Introduction

Refs

The Gaussian Discriminant Analysis (GDA) is a generative method, given data \(x\) and class \(y\), we learn \(p(x,y)\) and thus predict \(p(y|x)\).

The general steps for a generative model are:

  1. Model \(p(y)\) and \(p(x|y)\)

  2. Learn parameters of the model by maximizing \(p(x,y)=p(x|y)p(y)\)

  3. With \[p(y|x) = \frac{p(x|y)p(y)}{p(x)} = \frac{p(x|y)p(y)}{\sum_{y_i\in Y}p(x|y_i)p(y_i)} \propto p(x|y)p(y)\] predict \(p(y|x)\) by \[\arg \max_y p(y|x) = \arg \max_y \frac{p(x|y)p(y)}{p(x)} = \arg \max_y p(x|y)p(y)\]

Let’s consider two classes for \(y\), \(y_0 = 0, y_1 = 1\).

Step 1. In GDA we model \(p(y)\) as:

\[y \sim \text{Bernoulli}(\phi) \implies p(y|\phi) = \phi^y(1-\phi)^{1-\phi}\]

and model \(p(x|y)\) by a multivariate Gaussian with a given covariance matrix \(\Sigma\):

\[x|y_i \sim \mathcal{N}(\mu_i,\Sigma) \implies p(x|y_i) = \frac{1}{(2\pi)^{n/2}|\Sigma|^{1/2}} \exp( \frac{1}{2} (x-\mu_i)^T \Sigma^{-1} (x-\mu_i) )\]

Step 2. Express the joint likelihood of the data \(x=(x^1,x^2,\ldots,x^m), y=(y^1,y^2,\ldots,y^m)\):

\[p(x,y|\phi,\mu_0,\mu_1,\Sigma) = \prod_{i=1}^m p(x^i,y^i) = \prod_{i=1}^m p(x^i|y^i)p(y^i)\]

and maximize the expression in \(\phi,\mu_0,\mu_1,\Sigma\).

The solutions are:

\[\phi = \frac{\sum_i I(y^i = 1)}{m}\]

\[\mu_k = \frac{\sum_i I(y^i = k)x^i}{I(y^i = k)}\]

\[\Sigma = \frac{1}{m} \sum_{I(y^i=0)} (x^i-\mu_0)(x^i-\mu_0)^T + \frac{1}{m} \sum_{I(y^i=1)} (x^i-\mu_1)(x^i-\mu_1)^T\]

Step 3. Given the parameters, maximize \[\arg \max_y p(x|y)p(y)\] With two classes it is finding which \(p(x|y=0)p(y=0)\) or \(p(x|y=1)p(y=1)\) is larger.

Herein, we assumed that \(\Sigma\) is the same for both class conditional densities. This is called Linear Discriminant Analysis. Otherwise, it is called Quadratic Discriminant Analysis.

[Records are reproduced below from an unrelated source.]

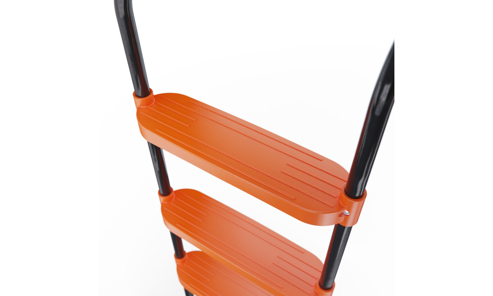 Ступени изготовлены из качественного пластика, что обеспечивает их долговечность и устойчивость к внешним воздействиям. Профиль металлической рамы лестницы имеет размеры 25х1,5 мм, что гарантирует её прочность и надёжность. Максимальная нагрузка, которую способна выдержать лестница, составляет 100 кг. Благодаря небольшому весу, лестницу легко транспортировать и устанавливать.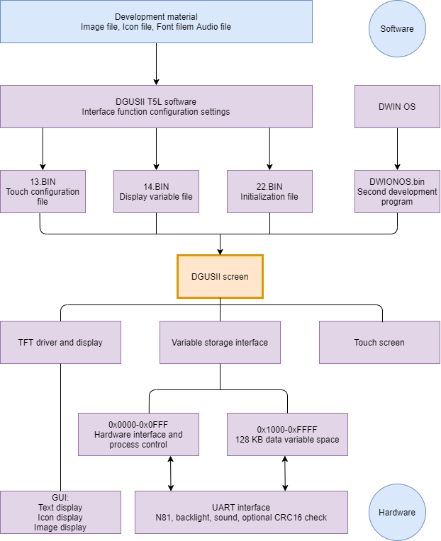 Далее рассмотрим программу DGUS (сокращение от DWIN Graphic Utilized Software) и основные формируемые файлы для работы. Ниже представлена краткая диаграмма разработки ПО.
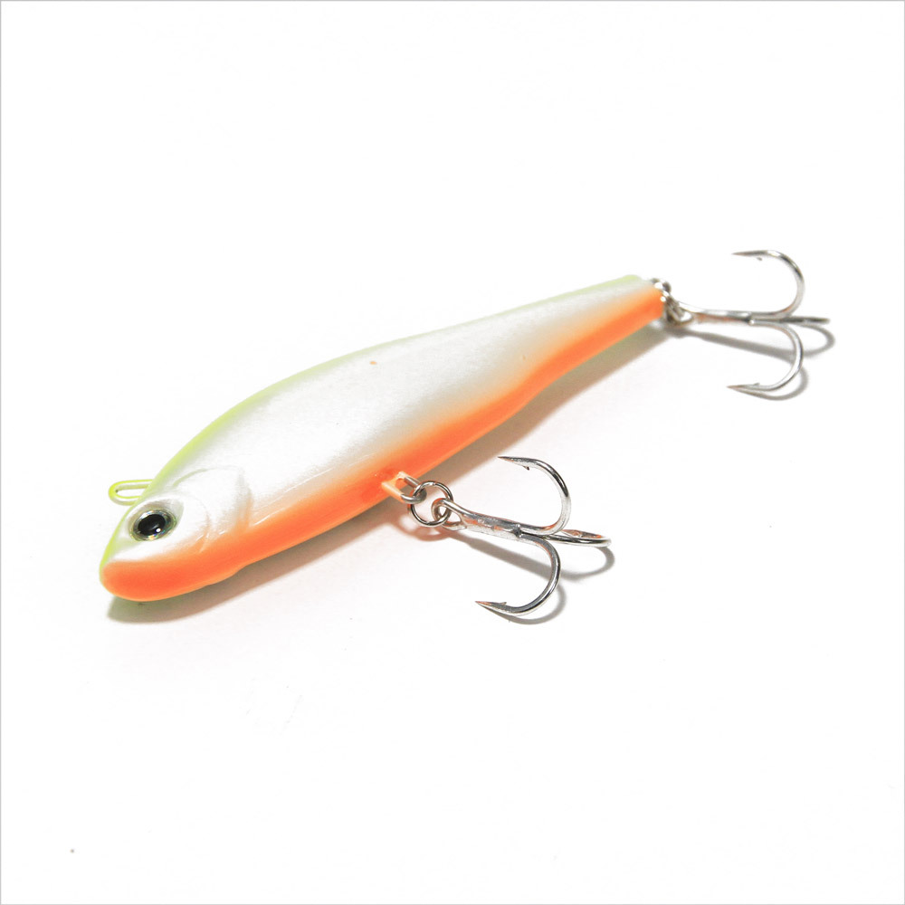 ルアースイム 固定重心なので、着水後ローリングしながらのカウントダウン、デッドスローではローリング、リトリーブ速度を上げるとウォブリングし、更にリトリーブ速度を上げると不規則なダートにオートマチックに泳ぎが変わります。(ロッドアクションを使わなくてもこの泳ぎが可能なルアーです)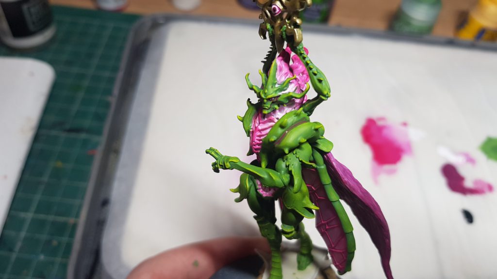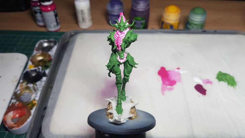 With the model assembled, I upped the contrast on the carapace by running Violet Red into the recesses. I should have used a better paint medium for this, as using water resulted in tide marks, most of which I couldn’t be bothered to clean up.

Linear Discriminant Analysis

Refs:

Linear Discriminant Analysis (LDA) finds a linear combination of features that separates different classes. This combination can be used to perform classification or for dimensionality reduction before classification (using another method).

LDA is closely related to […] regression analysis, which also attempt to express one dependent variable as a linear combination of other features or measurements. In [regression analysis] however, the dependent variable is a numerical quantity, while for LDA it is a categorical variable (i.e. the class label). Logistic regression and probit regression are more similar to LDA, as they also explain a categorical variable. These other methods are preferable in applications where it is not reasonable to assume that the independent variables are normally distributed, which is a fundamental assumption of the LDA method. wikipedia

Consider a classification problem with \(K\) classes. Each class \(C_i\) has \(N_i\) m-dimensional samples. Let \(X\) be a matrix where each column corresponds to one sample. The goal is to obtain a transformation of \(X\) to \(X'\) by projecting the samples of \(X\) onto a hyperplane of dimension \(K-1\).

In two dimensions (2 classes) we want to project the matrix onto a line the maximizes the separability of the classes (images from Aly Farag’s LDA Tutorial):

LDA is a parametric method, ie, they assume some distribution over the data, in this case unimodal Gaussian likelihoods. If the distribution is significantly non-gaussian, LDA will perform badly since it will be unable to preserve the complex strucutre of the data. However, by assuming a distribution, it’s possible to assign probabilities for group assignments (as shown in the next section).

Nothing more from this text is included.